Overview of the IBM ProbE Data Mining Engine

Ed Pednault
Mathematical Sciences Department
IBM T. J. Watson Research Center
Yorktown Heights, New York

pednault@us.ibm.com

Abstract

IBM ProbE(TM) (pronounced probe, for PROBabilistic Estimation) is a customizable data mining engine that is being developed to enhance IBM's competitive position in delivering predictive modeling solutions. ProbE incorporates state-of-the-art algorithms that have thus far demonstrated the ability to consistently generate high-quality predictive models on real-world problems, such as customer response modeling for targeted marketing. Such consistency is important from an operational standpoint because it permits models to be periodically refreshed as batch jobs with no human intervention. In addition, models can be exported in the form of executable code, either as SAS code or as parallelizable DB2-UDB user-defined functions coded in C. Automatic generation of UDFs is particularly important for deploying models in operational databases. No physical limits are imposed on data set size: thousands of columns and millions of rows are possible. For example, in a recent joint project with Fingerhut, Inc., a leading direct-mail retailer, data sets comprising 1,400 input attributes and 500,000 rows were routinely used for constructing models. ProbE is currently designed to be an embeddable system so that it can be integrated with an existing product, integrated with customer software, or packaged as a stand-alone application. No restrictions are placed on the source of data.

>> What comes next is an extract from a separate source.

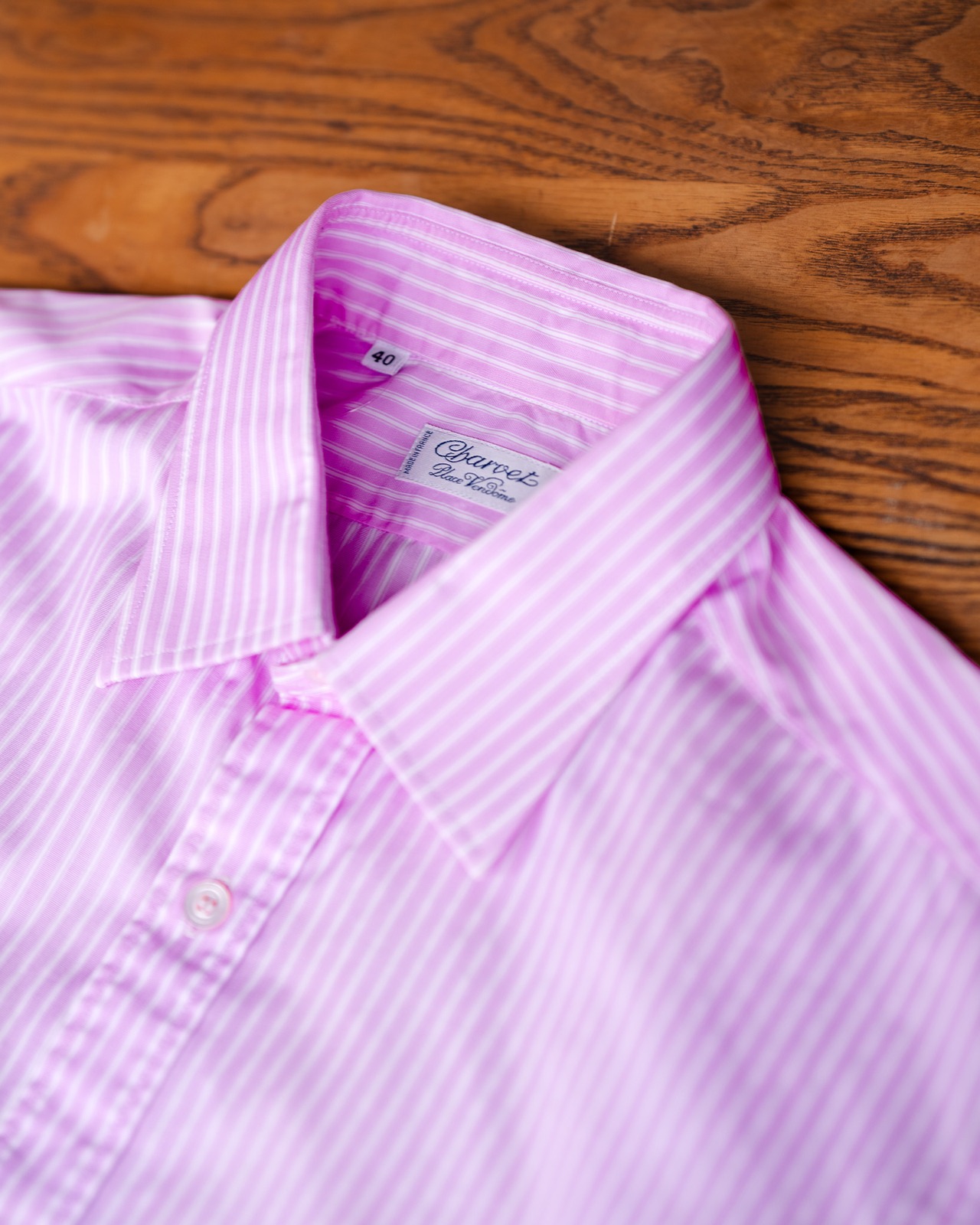 [80's~] "Charvet" Pink Stripe Single Cuffs Regular Collar Shirt

Flat files and DB2 access are currently implemented; however, main-memory databases, the Web, etc., are also possible. However, ProbE's architecture has also been designed to support data-partition parallelism, and efforts are currently underway to implement ProbE as a parallelizable DB2 Extender. This talk will present the scientific principles that form the basis for ProbE's predictive modeling algorithms.

Biography

Ed Pednault joined IBM in 1996, where he is a Research Staff Member in the Data Abstraction Research Group of the Mathematical Sciences Department. From 1986 to 1995, he was a Member of Technical Staff at AT&T Bell Laboratories. Ed received a Ph.D. in electrical engineering from Stanford University in 1987, a M.S. in computer science from Stanford in 1981, and a B.Eng. in electrical engineering from McGill University in 1979. His current research interests center on statistical learning theory and its application to automated predictive modeling.